Friday, January 8, 2010

I'm Okay If You Know I Wear Underwear

I was just at Wal-Mart standing patiently in the checkout line reading about the crazy marriage of Charlie Sheen and Brooke Mueller. I had chosen this particular check-out kid because he looked young, sprightly, and energetic and I figured I would be out of there in no time. I hadn't counted on the man two people in front of me shaking every carton of cigarettes against his ear before finally deciding to buy skoal. So I was getting a little ancy.

So the lady in front of me started piling her stuff on the checkout thingy, and she has miscellaneous Wal-Martish items, like tape and cat litter and dish towels. And then she stacks up some underwear, and rushes to cover it up with a magazine. She tries to be all casual like, "la di da...here I am at Wal-Mart...buying a bunch of crap...BUT NOT UNDERWEAR! Oh no, not me! No underwear here!"

And it made me wonder, why are people so embarrassed to buy underwear? Like it is some dark, shameful secret that we wear it. I mean, frankly speaking, I would be more judgmental if you never bought underwear.

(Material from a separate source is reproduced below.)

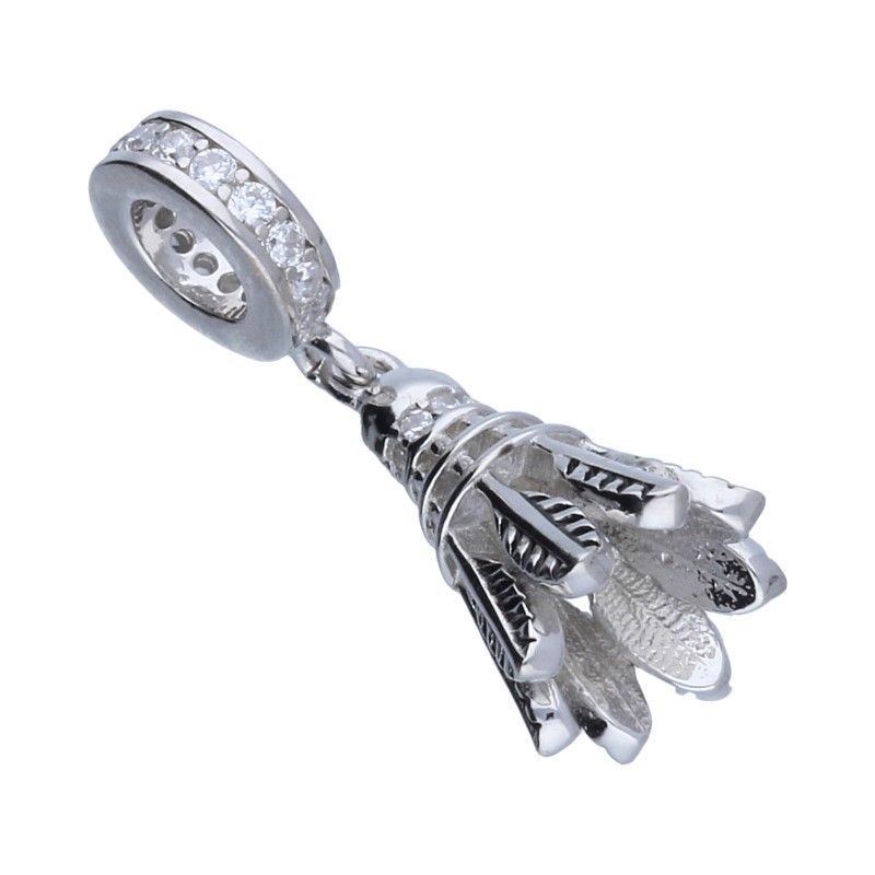 PERLENANHÄNGER PASST ZU MODULARARMBÄNDERN MIT EINEM DURCHMESSER VON 3 MM, 925 SILBER, RHODIUMBESCHICHTET, WEISSER ZIRKONIA, PFEIL.

I would be piling my underwear up and making sure people knew that I regularly bought new underwear. I am not ashamed at all.

It made me wonder what I try to hide in my shopping cart. I always feel a little sheepish when I show up with a bunch of wine, like I wonder if they think I am going to drink it all. But underwear...I'll just be completely honest with you - I buy underwear, and I am not ashamed.

And I am totally cool with you knowing that.

3 comments:

Lesley said...

I completely agree! I'm not ashamed of buying the underwear, just of being in the Walmart to make a purchase! :)

Michael said...

I buy my underwear online.
I remember many, many years ago when I was about 27 and a friend and I (we were officers then) were in line at Publix buying a case of beer and the person behind was a judge we regularly appeared before in court-he looked at us so funny!

The (not so) Reluctant Athlete said...

I remember being at a store buying bubble bath and whipped cream, for two different purposes, and the cashier (a college-aged boy) saying WOO WEE BIG NIGHT FOR YOU!